*Activity:* The copy must match the data below line for line and contain no images.

*Dataset section:*
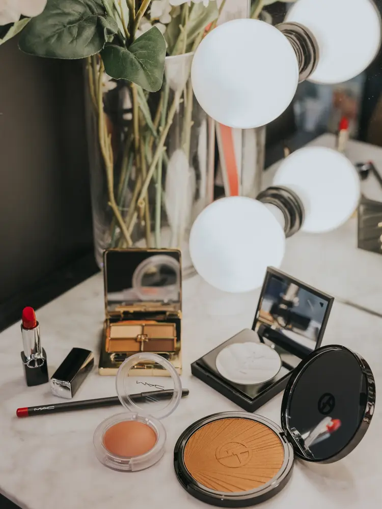 For øynene er Sisley paletten i gull- og bruntoner et sikkert valg – sofistikert, varm og enkel å bygge opp for mer intensitet. En frisk blush fra MAC gir naturlig glød, og med den silkemyke bronzeren fra Giorgio Armani får du definisjon og en solkysset finish som løfter hele looken.
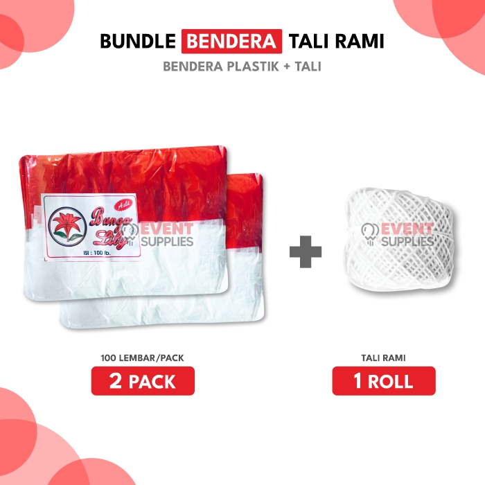 Paket Bendera Plastik Merah Putih + Tali Kenur HUT RI Kemerdekaan
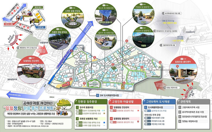이번 공모에 선정된 포항시 남구 일월동에는 빈집 정비 및 집수리 동행 사업과 보행환경 개선사업, 건강센터를 조성하고, 예천군 용궁면은 집수리 및 안심골목 정비, 커뮤니티 공유마당 조성, 용궁 청춘 마실 등을 조성한다.

*Response below:*
 For øynene er Sisley paletten i gull- og bruntoner et sikkert valg – sofistikert, varm og enkel å bygge opp for mer intensitet. En frisk blush fra MAC gir naturlig glød, og med den silkemyke bronzeren fra Giorgio Armani får du definisjon og en solkysset finish som løfter hele looken.
 Paket Bendera Plastik Merah Putih + Tali Kenur HUT RI Kemerdekaan
이번 공모에 선정된 포항시 남구 일월동에는 빈집 정비 및 집수리 동행 사업과 보행환경 개선사업, 건강센터를 조성하고, 예천군 용궁면은 집수리 및 안심골목 정비, 커뮤니티 공유마당 조성, 용궁 청춘 마실 등을 조성한다.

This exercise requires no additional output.